Las empresas no viven de la inteligencia artificial; Las empresas viven de los clientes y se sostienen por la competitividad

Y por último nos queda la belleza. Volvamos a los clásicos y al Renacimiento, donde bondad y belleza se entrelazaban. La belleza como contribución a legados con más estética que vanidad. La belleza como una contribución de otro nivel. Es la belleza del diseño que impregnó a Olivetti, a Apple. Es la belleza de los espacios.
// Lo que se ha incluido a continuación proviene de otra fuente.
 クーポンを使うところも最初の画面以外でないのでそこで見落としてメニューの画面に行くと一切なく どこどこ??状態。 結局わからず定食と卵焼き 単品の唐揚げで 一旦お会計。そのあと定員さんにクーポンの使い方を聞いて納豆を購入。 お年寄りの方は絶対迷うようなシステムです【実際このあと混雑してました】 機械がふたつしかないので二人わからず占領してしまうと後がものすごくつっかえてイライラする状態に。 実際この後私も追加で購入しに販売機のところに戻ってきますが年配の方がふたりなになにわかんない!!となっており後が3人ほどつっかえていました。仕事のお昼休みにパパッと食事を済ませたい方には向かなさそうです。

Pienso en las fábricas maravillosas como el Vapor Aymerich, Amat i Jover, en sedes corporativas como la de Simon o de Puig en Barcelona, en tiendas como el de Zara de Serrano, o en algunas de las más famosas bodegas españolas. Aquellos que contraponen beneficios o funcionalidad a la belleza nunca nos dejarán legados perdurables. Piensen en el Renacimiento, una época de guerras entre ducados italianos, de hogueras en la plaza pública, de cainismo político y sin embargo solamente sobrevivió la belleza. La belleza y la bondad conviven con la trinchera y la adversidad. Al final solamente queda la belleza. Nada más.

El triángulo competitividad – bondad y belleza es para los que apuestan por una empresa que busca la positividad de su comunidad y de la sociedad y sabe que todo ello tiene como condición dar resultados positivos. Conozco a muchos referentes de este triángulo, gente que nos deja semillas prolíficas. Gente que va en serio a la hora de competir, que son gente decente y que si puede apuestan por la belleza en vez de apostar por la mediocridad. En el centro del triángulo competitividad-bondad-belleza anida el management humanista.